I’m always thinking of new locations to visit and projects to shoot and I write them all down in my notebook. It’s great to refer back to, to remind me of places to visit, ideas to put into practise and opportunities where I can combine ideas to a location. It’s not all fancy locations either. I keep a note of local locations that may be ideal for brief weather conditions that I need to make the most of. I’m all for shooting local and despite planning trips further afield when I can, it’s the local jaunts that are often the most rewarding. Adding a location reminds you to plan a visit and keeps it highlighted, so that your mind is working towards a trip, at the ideal time, so that it becomes a reality, rather than lost in everyday life.

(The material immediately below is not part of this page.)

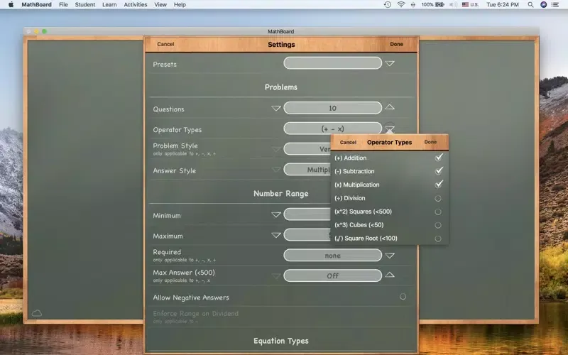 - Random equation generation for Addition, Subtraction, Multiplication, Division, Squares, Cubes, and Square Root problems.

Once I have decided on a location, then my notebook becomes the itinerary planner for that location. This is especially so in the urban environment and I plan everything down to the hour if I can, so I don’t have to worry about best viewpoints, locations, transport arrangements to get to each place at the optimum time. Out in the rural landscape, the schedule is more flexible due to the weather, but I still have an ‘ideal’ itinerary. Based on location, light direction, time of day, subject and plan B ideas, my notebook keeps me on schedule and offers me alternatives when things don’t go to plan. The pre-planning is so vital and the notebook keeps this all in one place.